Iboga for heroin /opiate addiction...
Dimitri Mugianis closing a session for drug addicts using elements of a shamanic ceremony.
http://www.nytimes.com/2013/04/07/nyreg ... .html?_r=2&
At this needle exchange, run by the New York Harm Reduction Educators, Mr. Mugianis helps treat drug users with fire-dancing and other techniques he learned by traveling several times to Gabon in West Africa to visit a group that practices Bwiti, a folk religion whose essential practice is consuming a hallucinogenic plant called iboga.
After taking large amounts of
Iboga during all-night shamanic ceremonies of dance and music, said Mr. Mugianis, a former addict himself, he was initiated as a follower, and now he uses the techniques in New York to treat drug addicts.

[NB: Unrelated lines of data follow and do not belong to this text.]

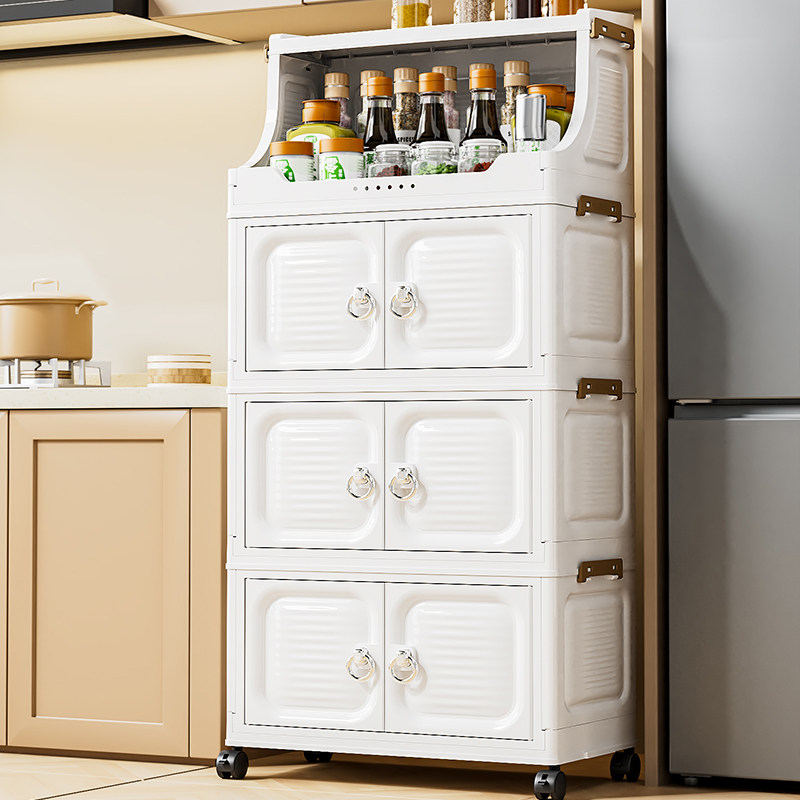 📚 双开门带轮可移动多层折叠免安装收纳柜防尘厨房置物架收纳架书架
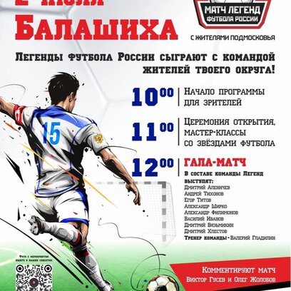 На футбольном поле встретятся звезды отечественного футбола, воспитанники спортивной школы Балашихи и местные жители.
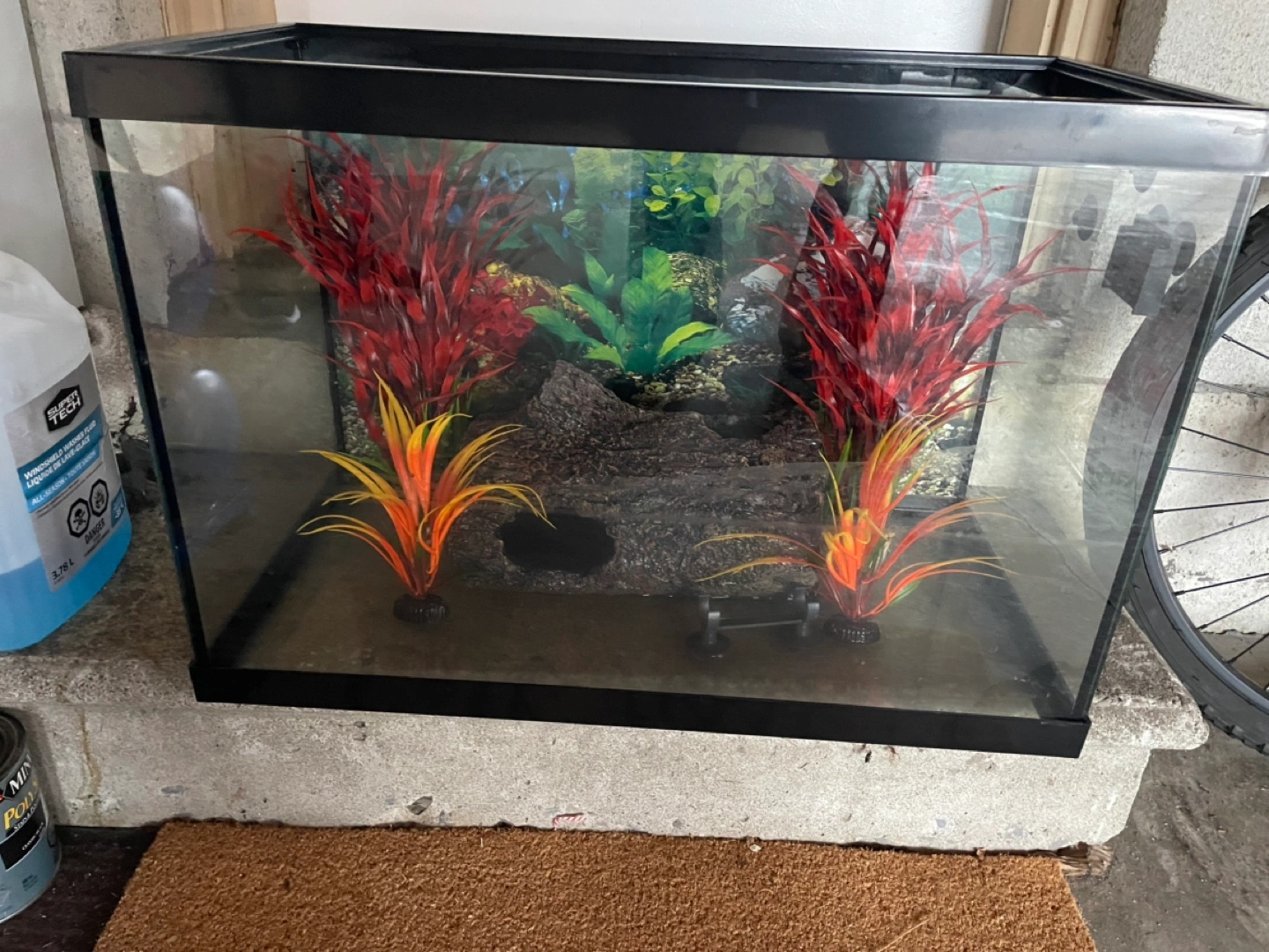 Black rectangular aquarium tank with black trim. Includes
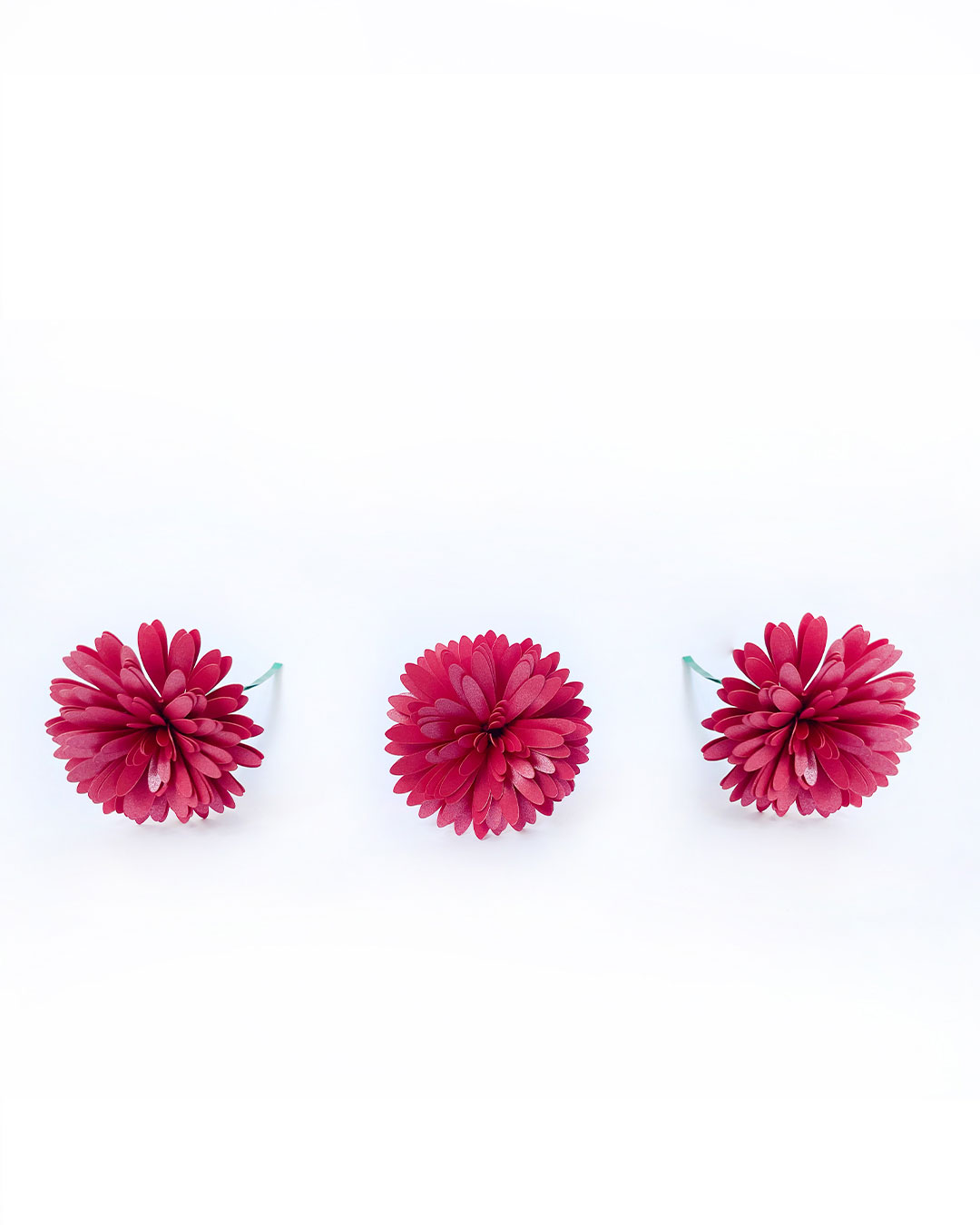 Este kit trae todo lo que necesitas para crear tres crisantemos en papel, perfectos para darle un aire sereno y delicado a tus espacios.
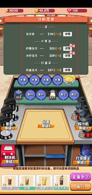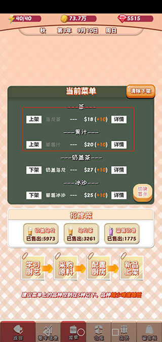 比如學了冰檸烏龍這道飲品,就得先去商店把烏龍茶葉和檸檬買好,還得把制冰機打開才行哦。等你把這些原料都上架之后,系統上面也會顯示出你當前能做的菜單呢。
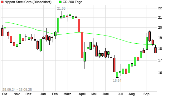 Mit dem Anstieg auf 18,31 EUR hat die Nippon Steel-Aktie am 24.09.2025 die 200-Tage-Linie nach oben gekreuzt.
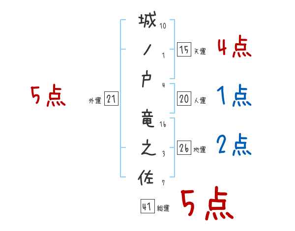 天運![]() | 城ノ戸竜之佐さんの天運は15画の4つ星!人徳があり出世する。順調に物事を進め円満な人生。 家系が持つ宿命的な運勢を表します。祖先から受け継いだ苗字ですので自分の力が及びません。家柄を象徴します。 |
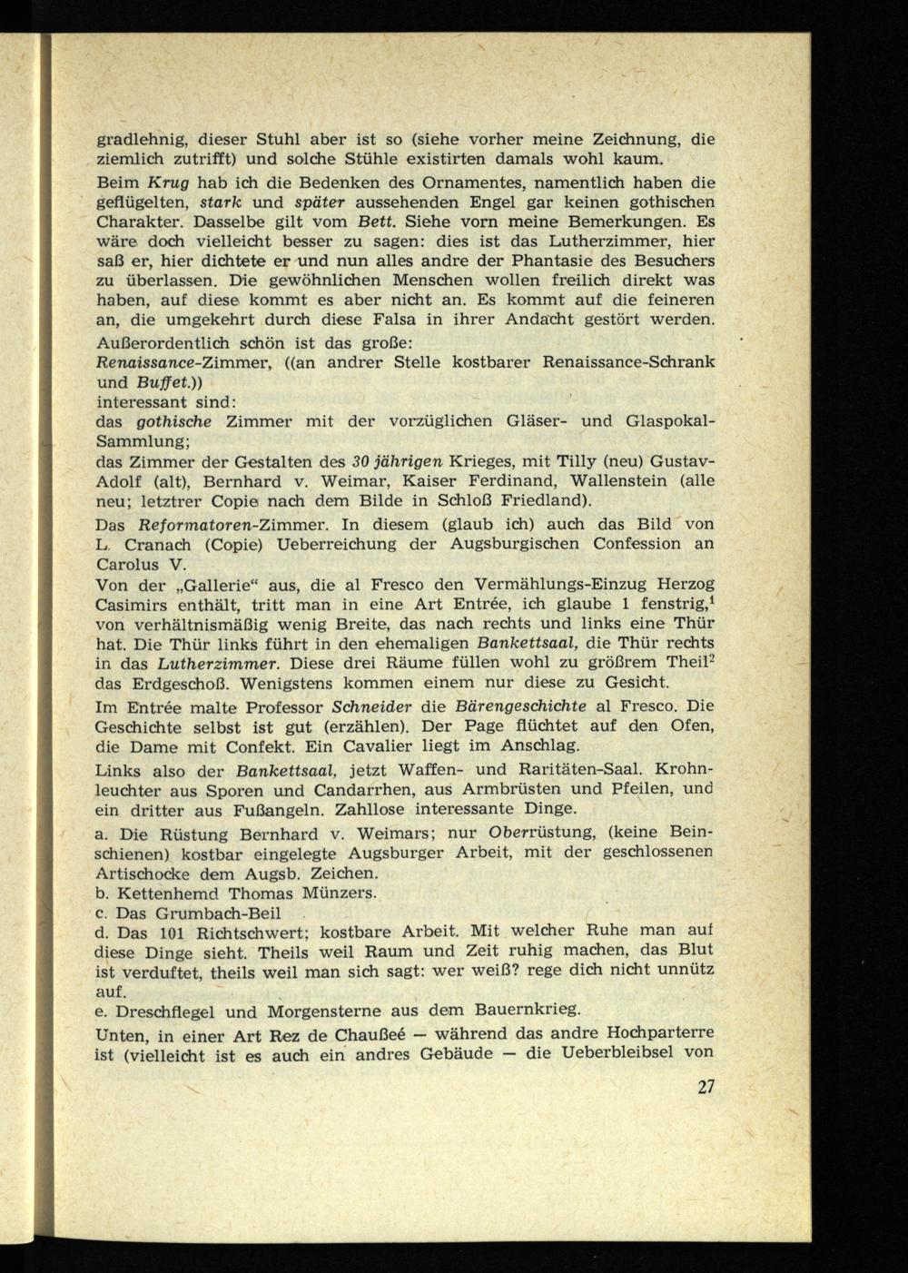Von der „Gallerie“ aus, die al Fresco den Vermählungs-Einzug Herzog Casimirs enthält, tritt man in eine Art Entree, ich glaube 1 fenstrig, 1 von verhältnismäßig wenig Breite, das nach rechts und links eine Thür hat. Die Thür links führt in den ehemaligen Bankettsaal, die Thür rechts in das Lutherzimmer. Diese drei Räume füllen wohl zu größrem Theil 2 das Erdgeschoß. Wenigstens kommen einem nur diese zu Gesicht.
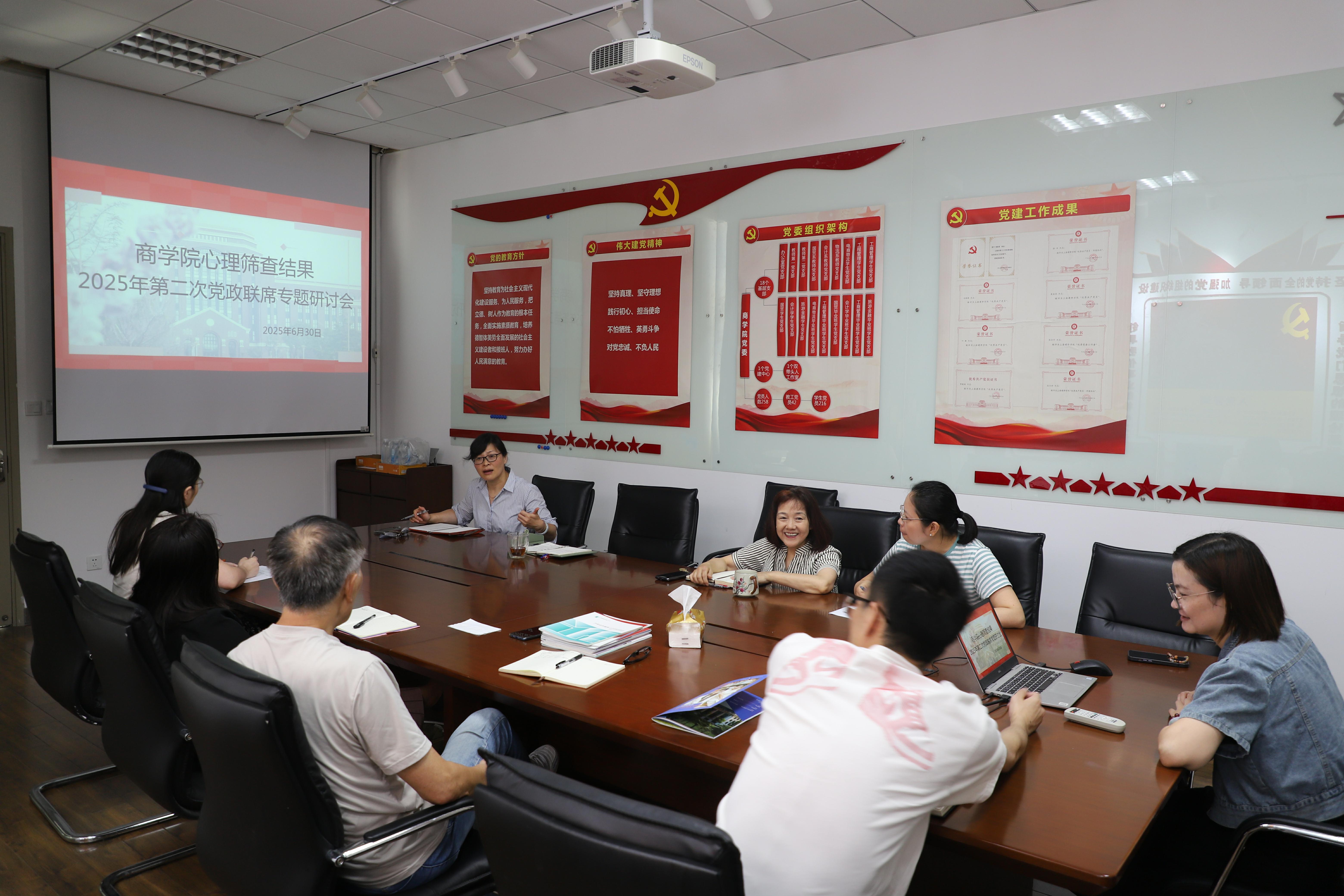 6月30日,商学院在333会议室召开心理健康工作党政联席专题研讨会,聚焦学生重点心理问题与干预措施。学院党委副书记俞海燕就当前学生心理筛查结果做汇报和交流,学院党政班子成员参会。会上,俞海燕强调,大学生心理健康教育工作是落实立德树人根本任务的重要环节,关乎学生成长成才与校园安全稳定。随后汇报了学院本学期学生心理健康工作开展情况,分析了当前学生群体面临的学业压力、人际交往、职业规划等现实问题。从“在校生心理危机排摸”和“延毕学生心理危机排摸”两方面,结合不同群体的学生特点,对筛查结果进行详细分析,学院党政班子成员就具体数据和重点关注对象进行讨论和交流。与会人员围绕如何强化心理健康教育课程建设、完善危机干预机制、提升心理育人能力等展开研讨。提出通过开发特色心理健康课程、构建“校-院-班-舍”四级预警网络、加强心理健康专题学习培训等举措,推动心理健康工作提质增效。此次研讨会进一步凝聚了思想共识,明确了工作方向。学院将以系列专题研讨会为契机,整合多方资源,构建并完善全员、全过程、全方位心理育人格局,切实为学生心理健康保驾护航,助力培养身心健康、全面发展的新时代大学生。供稿:许东霞
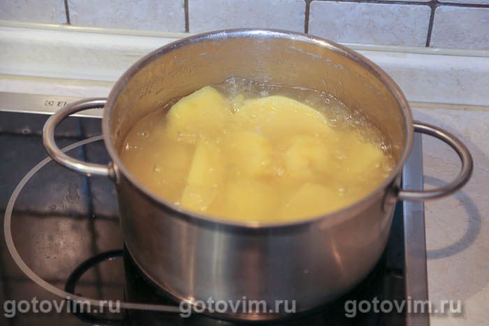 Картофель очистить, если клубни крупные — разрезать пополам. Вскипятить воду, посолить, положить картофель и варить на небольшом огне под крышкой до полной готовности. Слить с вареного картофеля отвар.
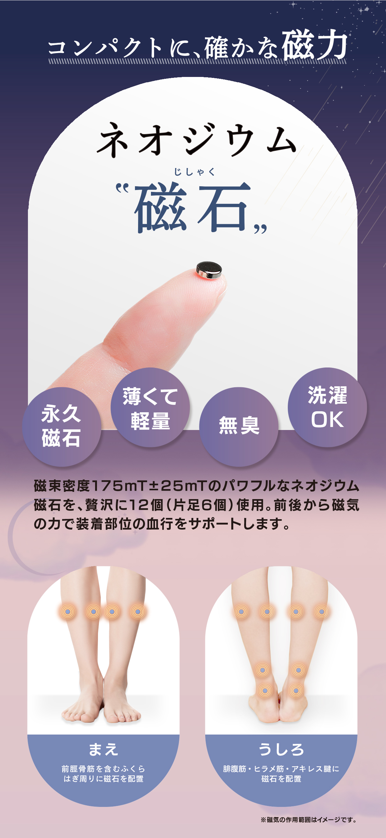 磁気ケアリカバリーソックスのFAQはこちら★贅沢に内蔵した12個のネオジウム磁石磁束密度175mT±25mTのパワフルなネオジウム磁石を、片足6個ずつ、合計12個も内蔵。
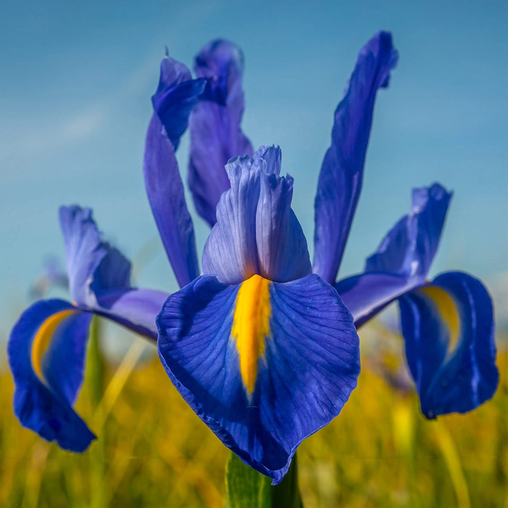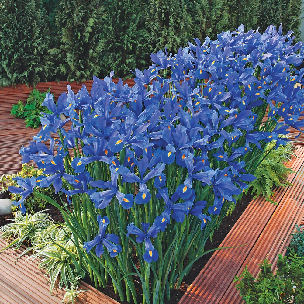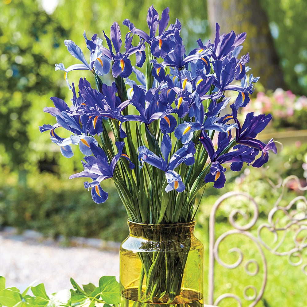 Our best blue Dutch iris! For the most impressive seasonal displays imaginable, we suggest a liberal planting of Sapphire Beauty. This newcomer to our already stellar Dutch Iris lineup bears rich blue flowers accented in soft blue and prominently feature a pop of bright yellow on each perfectly formed petal. Florists and gardeners alike adore Sapphire Beauty for its amazing shape and bold colors, but also because of its robust growing habit and highly versatile nature. Plant bulbs in full sun to partly shaded borders, mixed cutting gardens or seasonal landscape features. The 20-24" tall blooms make a lovely presentation wherever they are planted. Bulb size: 8+ cm.
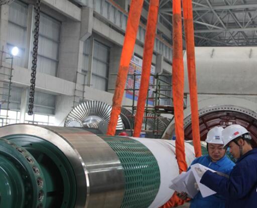 作業(yè)人員正在進行轉(zhuǎn)子檢查試吊、調(diào)整轉(zhuǎn)子水平

“My job in the Bwiti is to dance with heroin addicts,” he said with a laugh after Thursday’s meeting, during which he held a furry civet skin and waved a ceremonial rattle from Gabon. He danced and sermonized about being reborn in the Easter season, using an impassioned style that combined beatnik phrasing, a preacher’s cadence and a savvy street hustler’s strut.
Years ago, Mr. Mugianis said, he kicked his own drug addiction by using ibogaine, a derivative of the iboga root.
Its advocates call ibogaine a cure for heroin addiction, but it is banned in the United States. Mr. Mugianis began acquiring it through an underground network to treat other drug addicts. He has stopped including ibogaine in his treatments since being arrested in a sting operation conducted by federal agents in Seattle in 2011, he said.
The Thursday group, which he leads with a social worker, Brian Murphy, is called We Are the Medicine, because the healing is communal, said Mr. Mugianis, who worships with his fellow Bwiti followers at a temple in Queens. They hope to gain religious status and fight for the right to use ibogaine as a sacrament to end addiction.
“They took away my magic powder, so I thought they were my enemy, but now I realize we were dancing together,” he said. “Even the arrest was part of my initiation — it was a blessing.”